More than 25,000 people displaced after DRC volcano eruption

More than 170 children are still feared missing and UNICEF officials said they were organising transit centers to help unaccompanied children in the wake of the disaster.

A person stands in front of lava from the eruption of Mount Nyiragongo, in Buhene, on the outskirts of Goma in DRC on May 23, 2021.
AP

A person stands in front of lava from the eruption of Mount Nyiragongo, in Buhene, on the outskirts of Goma in DRC on May 23, 2021.

Torrents of lava poured into villages after dark in eastern Democratic Republic of Congo with little warning, leaving at least 15 people dead amid the chaos and destroying more than 500 homes, officials and survivors say.

The eruption of Mount Nyiragongo on Saturday night sent about 5,000 people fleeing from the city of Goma across the nearby border into Rwanda, while another 25,000 others sought refuge to the northwest in Sake, the UN children's agency said on Sunday.

Fire and fumes rose from the blackish molten rock as it swallowed up houses, flowing towards Goma airport on the shores of Lake Kivu and leaving smouldering wreckage in its wake, an AFP correspondent said.

Residents began to warily return home despite repeated seismic shocks as the death toll rose to 15, most of whom were not killed directly by the eruption.

The military governor of North Kivu province said "the city was spared" by a matter of a few hundred metres (yards) after "the lava halted near Buhene on the outskirts of Goma".

Nine people nonetheless died in accidents during the evacuations, said General Constant Ndima, who was appointed governor this month when the province was placed under a "state of siege" to combat violence by armed groups.

Another four people were shot dead while trying to escape Goma's Munzenze prison, according to local military spokesman Guillaume Njike Kaiko.

More than 170 children were still feared missing on Sunday and UNICEF officials said they were organising transit centers to help unaccompanied children in the wake of the disaster.

Goma ultimately was largely spared the mass destruction it suffered the last time the volcano erupted back in 2002. Hundreds died then and more than 100,000 people were left homeless. But in outlying villages closer to the volcano, Sunday was marked by grief and uncertainty.

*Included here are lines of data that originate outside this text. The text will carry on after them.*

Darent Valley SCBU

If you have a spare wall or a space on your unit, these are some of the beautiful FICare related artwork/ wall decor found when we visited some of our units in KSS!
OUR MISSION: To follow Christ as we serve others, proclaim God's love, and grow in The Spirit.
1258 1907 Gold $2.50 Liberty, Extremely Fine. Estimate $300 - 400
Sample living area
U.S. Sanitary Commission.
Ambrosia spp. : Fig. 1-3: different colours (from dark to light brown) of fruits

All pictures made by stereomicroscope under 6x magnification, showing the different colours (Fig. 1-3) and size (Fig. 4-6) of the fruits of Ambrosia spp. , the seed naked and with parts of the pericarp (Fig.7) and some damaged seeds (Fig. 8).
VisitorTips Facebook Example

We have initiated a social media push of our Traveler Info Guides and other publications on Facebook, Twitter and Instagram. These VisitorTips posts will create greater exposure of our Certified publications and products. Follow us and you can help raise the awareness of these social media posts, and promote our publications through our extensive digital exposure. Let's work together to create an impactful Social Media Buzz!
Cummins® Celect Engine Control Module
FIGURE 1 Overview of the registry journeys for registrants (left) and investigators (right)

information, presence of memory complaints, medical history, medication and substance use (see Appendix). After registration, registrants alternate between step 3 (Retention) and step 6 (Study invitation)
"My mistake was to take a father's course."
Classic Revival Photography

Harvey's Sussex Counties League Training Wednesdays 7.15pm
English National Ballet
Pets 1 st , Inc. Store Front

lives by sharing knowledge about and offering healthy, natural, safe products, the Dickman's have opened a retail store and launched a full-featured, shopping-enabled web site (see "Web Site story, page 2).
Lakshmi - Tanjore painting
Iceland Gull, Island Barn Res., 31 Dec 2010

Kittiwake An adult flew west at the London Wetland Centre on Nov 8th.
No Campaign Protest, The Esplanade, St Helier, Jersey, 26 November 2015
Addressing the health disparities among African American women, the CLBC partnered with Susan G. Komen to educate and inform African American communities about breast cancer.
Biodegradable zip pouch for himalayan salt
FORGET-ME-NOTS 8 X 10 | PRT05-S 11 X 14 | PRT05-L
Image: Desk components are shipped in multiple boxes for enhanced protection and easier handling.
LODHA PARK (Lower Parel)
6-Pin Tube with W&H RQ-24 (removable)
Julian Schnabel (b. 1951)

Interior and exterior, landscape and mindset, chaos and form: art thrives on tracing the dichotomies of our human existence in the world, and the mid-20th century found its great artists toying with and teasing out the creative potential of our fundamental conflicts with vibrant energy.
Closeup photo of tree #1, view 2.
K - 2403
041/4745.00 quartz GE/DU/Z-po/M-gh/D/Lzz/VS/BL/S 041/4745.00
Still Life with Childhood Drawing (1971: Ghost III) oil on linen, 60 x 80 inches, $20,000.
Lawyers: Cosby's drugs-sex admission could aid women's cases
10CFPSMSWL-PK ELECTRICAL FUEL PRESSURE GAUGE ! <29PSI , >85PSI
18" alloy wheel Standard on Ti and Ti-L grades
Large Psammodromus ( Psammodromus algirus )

'Everything we had is gone'

Aline Bichikwebo and her baby managed to escape when the lava flow reached her village, but said both her mother and father were among those who perished. Community members gave a provisional toll of 10 dead in Bugamba alone, though provincial authorities said it was too soon to know how many lives were lost.

Bichikwebo says she tried to rescue her father but wasn't strong enough to move him to safety before the family's home was ignited by lava.

“I am asking for help because everything we had is gone,” she said, clutching her baby. “We don’t even have a pot. We are now orphans and we have nothing.”

The air remained thick with smoke because of how many homes had caught fire when the lava came.

“People are still panicking and are hungry,” resident Alumba Sutoye said. “They don’t even know where the y are going to spend the night.”

READ MORE: Goma city no more under threat as river of DRC volcano lava halts

Loading...

At least five died in truck crash 

Residents said there was little warning before the dark sky turned a fiery red, sending people running for their lives in all directions. One woman went into labour and gave birth while fleeing the eruption to Rwanda, the national broadcaster there said.

Smoke rose from smoldering heaps of lava in the Buhene area near the city on Sunday.

“We have seen the loss of almost an entire neighborhood," Innocent Bahala Shamavu said. “All the houses in Buhene neighborhood were burned and that’s why we are asking all the provincial authorities and authorities at the national level as well as all the partners, all the people of good faith in the world, to come to the aid of this population.”

Goma is a regional hub for many humanitarian agencies in the region, as well as the UN peacekeeping mission. While Goma is home to many UN peacekeepers and aid workers, much of surrounding eastern Congo is under threat from myriad armed groups vying for control of the region’s mineral resources.